Katy Perry isn't your average soldier.

The Army took allot of flak for their internal memo to use pretty women for advertising.

Your average soldier in combat will be the most sweatiest, banged up, wide eyed, adrenaline pumped person in the world. They're not going to have their mascara in place after their first contact. Unless we're talking about the African Child Soldier high on weed.

You can train the shit out of any person. But you see their truest colors in combat. Where the manliest soldier who took down the staff Sargent in combat class will piss in his pants crying for his mother. While the weak shunned soldier transforms into Rambo killing the enemy with his bare hands.

Btw, I don't mind if Gina Carano joined the Army. She could easily take out of half the guys in the Army right now. But if your a guy getting outclassed by some average girl, just go get a medical discharge.

Well, that was supposed to be a joke, not to be taken seriously....

To be honest, i don't think i had seen any sexy or beautiful female soldier served in Iraq or Afghanistan. Sure, when they dolled up and wear their Class As or ASU, but every female soldier i can remember overthere were down to earth. But be fair, even Angelina Jolie looked like crap when she is without make up, and you are not allow to wear make up in battle.

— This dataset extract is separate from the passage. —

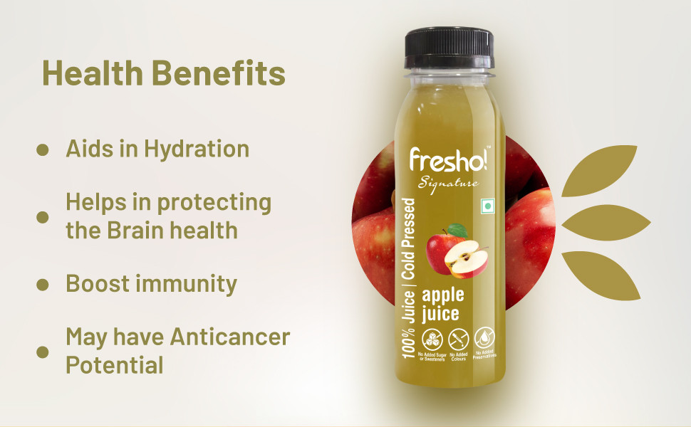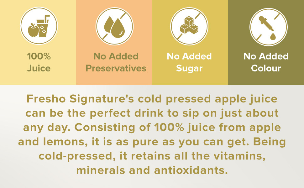 About the ProductFresho Signature's Cold Pressed Apple Juice can be a perfect drink you sip on a sunny day. Consisting of 100% juice from apples and lemons, this drink has zero artificial colour, preservatives, or sweeteners. Additionally, it is trans fat and cholesterol-free, so you can enjoy the drink without any guilt. Made using cold-pressed methods to retain more of the vitamins, minerals and antioxidants from the fruit, this drink is flavourful, fruity and healthier than regular juice.

About the hardened soldier part, i very much agree, men (Not male) can do incredible stuff when you are forced into a corner, i personally withness a female soldier who went from hiding behind a concrete beam to shielding and dragging her wounded comarde to safety, underfire, totally exposed. I even go so far to put in a Silver Star Recommendation for her, but her Colonel decided to award her a Bronze Star with V device instead. Battle Harden people, not the other way around. The stuff that you are forced to do to survive harden anyone. I saw a lot of people with Bravado and they broke in the first light of combat. People tend to talk a lot (Evidence from this forum alone give you tons of proof) and when the first bullet start whizzing by, you broken down and cry, sometime even wet your pants (Seen this happened)...

Not sure about Gina Carano, sure, that gril can fight, but you need more than that to stay alive in combat, you fight with your brain or you and the people next to you would die. Cannot afford to allow people act with their muscle instead of their brain overthere....

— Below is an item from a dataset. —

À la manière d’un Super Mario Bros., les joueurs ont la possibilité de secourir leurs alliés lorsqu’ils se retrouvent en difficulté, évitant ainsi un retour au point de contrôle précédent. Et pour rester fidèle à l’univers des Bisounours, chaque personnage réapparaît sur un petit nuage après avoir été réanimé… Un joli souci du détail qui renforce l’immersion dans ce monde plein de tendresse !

And finally Katy Perry is the "Spoke Model" of the Marine, well, judging from what the fellow marine said in the same video, Katy perry would make a good marine infantryman.


While the Marine have Katy Perry, we have Jessica Simpson in the Army....Man, i still don't believe they let her do a video with the Army...And first Hilary Duff and now Jessica Simpson, we only need one more to open up a child care center.....

No asshole, i was saying that you criticize people for posting old links
Wich of course you do

And stop insulting people when you talk to them

So, can you link me any relation between posting old link and asking was I a woman?? Otherwise i don't know where your brain is between post 4 and post 12.

And i use the same tone to people talk to me with. Don't want to get insulted? Then stop insulting others. Moron

And this

Female soldier awarded Silver Star - News - Stripes

Female soldier awarded Silver Star

WASHINGTON — A Kentucky National Guard soldier on Thursday became the first woman awarded the Silver Star for service in the war on terror.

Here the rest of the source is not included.